Task prompt. Task for the records below: repeat the line containing "Deksel (voor het" and every line after it, exactly and with nothing else, but leave out the pictures.

Task material Block Start

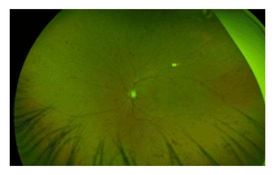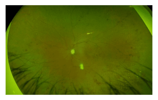 Following administration of a third anti-VEGF injection, the patient’s BCVA improved to 20/20. Additionally, retinal appearance showed signs of improvement, and the previously observed edema had resolved. To further assess retinal function, a repeat ERG was conducted, after one month and on the day of the first PRP session, revealing promising results. The implicit time decreased from 35.5 to 33.9 ms, indicating a positive response to treatment, albeit with residual ischemia. Moreover, there was a 50% recovery in amplitude (from 11.7 µV to 20.8 µV), suggesting enhanced retinal functioning after three injections and directly before laser treatment.
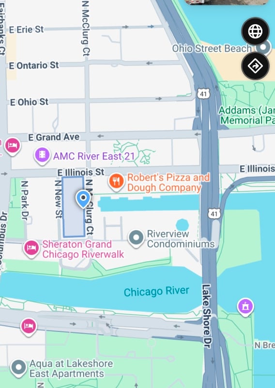 Está localizado en el barrio Streeterville, 440 N McClurg Ct en el código postal 60611 de Chicago, IL.
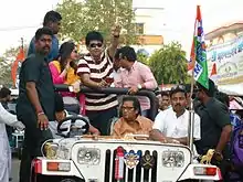 Jit Ganguly, Rudranil & Tanushree in a road show with Mrigendra Nath Maiti
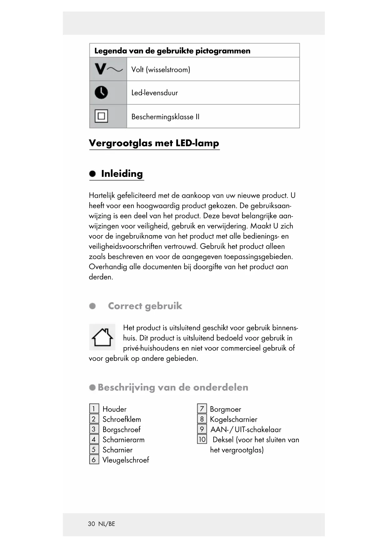Deksel (voor het sluiten van het vergrootglas)31 NL/BE Technische gegevens LED-lamp met vergrootglas Voedingsspanning: 230 V∼ (wisselstroom), 50 Hz Opgenomen vermogen: ca. 6,3 W Beschermingsklasse: II / TÜV SÜD- / GS- gecertificeerd Vergrootglas Lensformaat: ca. 5 dioptrie Vergroting: ca. 2,25-voudig Omvang van de levering 1 LED-lamp met vergrootglas 1 borgschroef 1 vleugelschroef 1 houder 1 schroefklem 1 bedieningshandleiding Veiligheid Veiligheidsinstructies
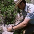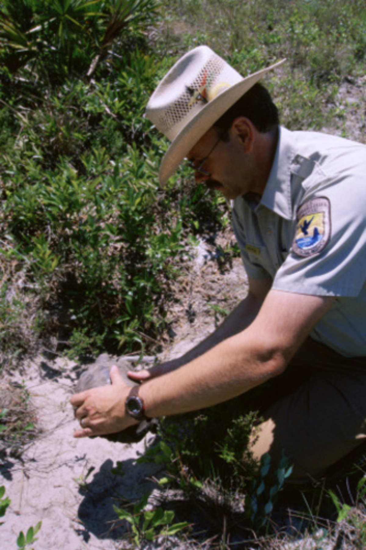 Fish and Wildlife Service employee picking up threatened species gopher tortoise from sandy soil beside burrow entrance.
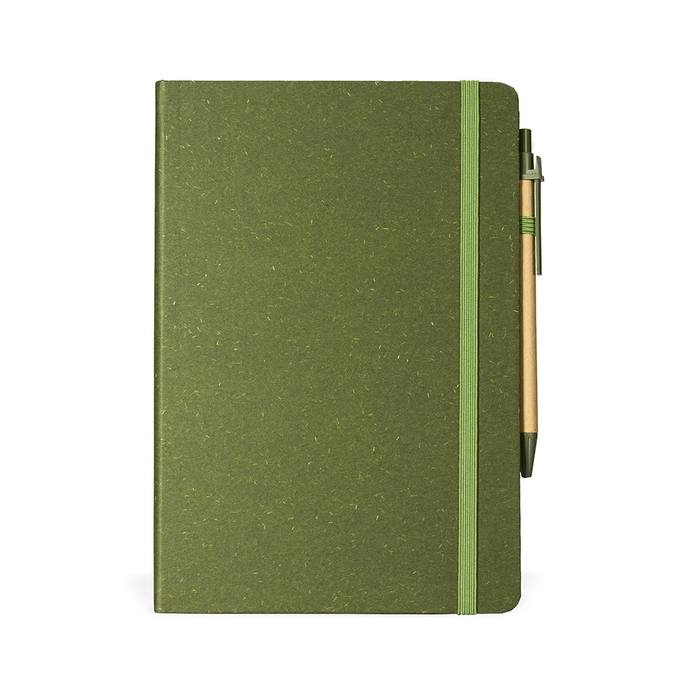 Descrição: Caderneta ecológica com capa em fibra da palha de arroz. Contém aproximadamente 80 folhas amareladas com pauta, além de duas folhas de guarda, uma fita elástica para fechamento e porta-canetas em elástico. Acompanha uma caneta esferográfica de carga azul de 1,0mm com corpo em papelão e clip, acionamento por clique e ponteira em plástico.

Task material Block End

Response.
Deksel (voor het sluiten van het vergrootglas)31 NL/BE Technische gegevens LED-lamp met vergrootglas Voedingsspanning: 230 V∼ (wisselstroom), 50 Hz Opgenomen vermogen: ca. 6,3 W Beschermingsklasse: II / TÜV SÜD- / GS- gecertificeerd Vergrootglas Lensformaat: ca. 5 dioptrie Vergroting: ca. 2,25-voudig Omvang van de levering 1 LED-lamp met vergrootglas 1 borgschroef 1 vleugelschroef 1 houder 1 schroefklem 1 bedieningshandleiding Veiligheid Veiligheidsinstructies
 Fish and Wildlife Service employee picking up threatened species gopher tortoise from sandy soil beside burrow entrance.
 Descrição: Caderneta ecológica com capa em fibra da palha de arroz. Contém aproximadamente 80 folhas amareladas com pauta, além de duas folhas de guarda, uma fita elástica para fechamento e porta-canetas em elástico. Acompanha uma caneta esferográfica de carga azul de 1,0mm com corpo em papelão e clip, acionamento por clique e ponteira em plástico.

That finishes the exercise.